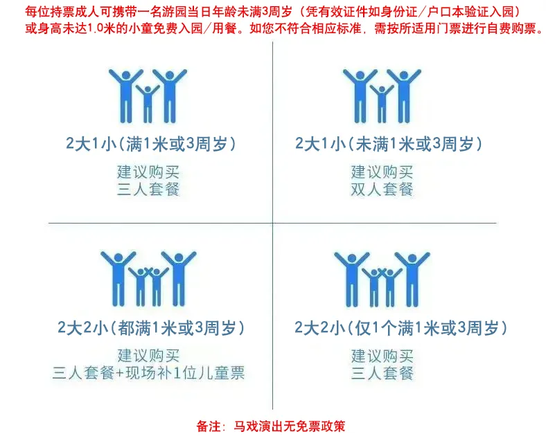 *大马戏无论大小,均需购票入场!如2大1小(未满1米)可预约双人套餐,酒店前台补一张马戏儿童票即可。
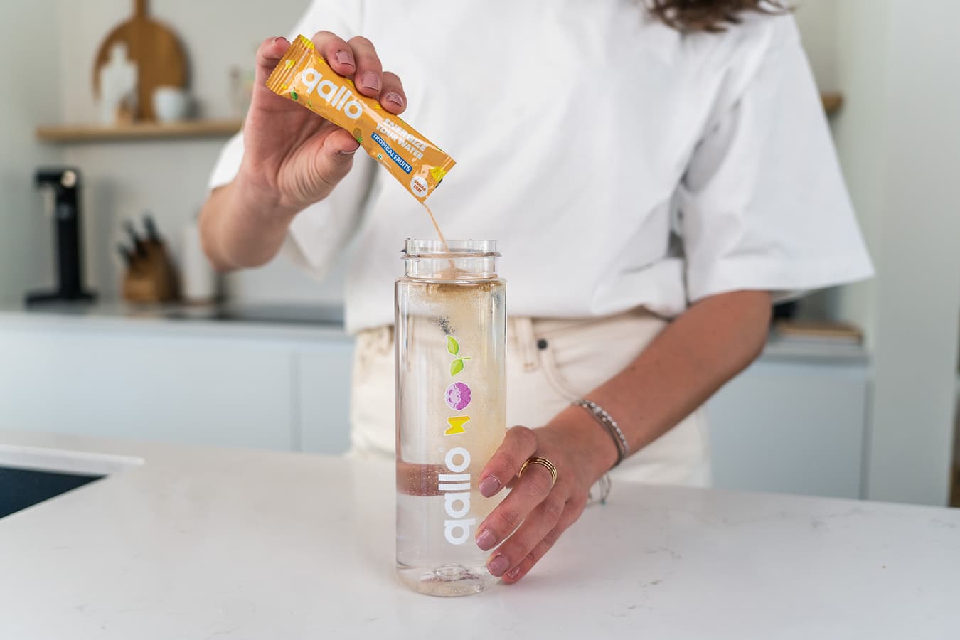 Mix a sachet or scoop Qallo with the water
---
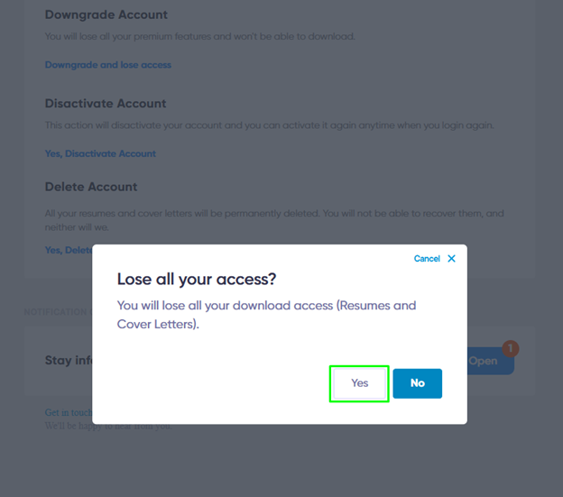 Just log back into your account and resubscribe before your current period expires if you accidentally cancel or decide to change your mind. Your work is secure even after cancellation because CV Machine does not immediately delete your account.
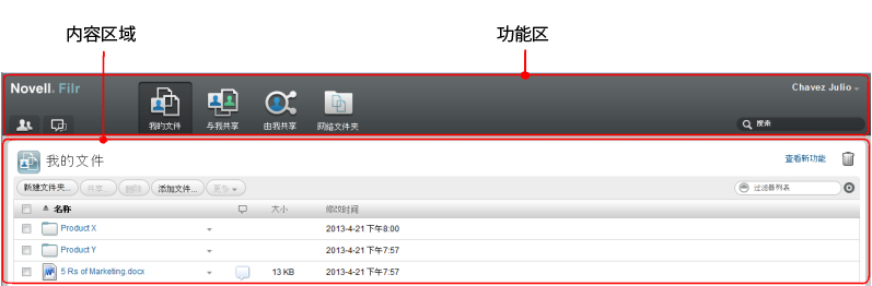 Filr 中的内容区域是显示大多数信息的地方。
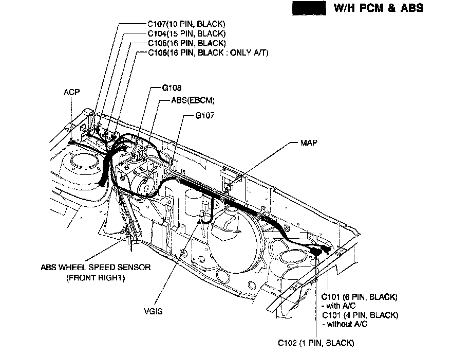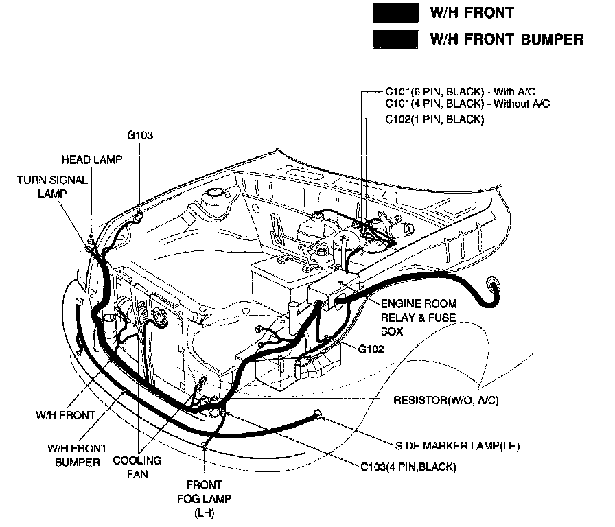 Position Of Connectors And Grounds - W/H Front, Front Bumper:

Work instructions: Give exactly the lines above that run from the line with "Filr 中的内容区域是显示大多数信息的地方。" to the line with "Position Of Connectors", both included, leaving every picture out.

Reply:
 Filr 中的内容区域是显示大多数信息的地方。
 Position Of Connectors And Grounds - W/H Front, Front Bumper:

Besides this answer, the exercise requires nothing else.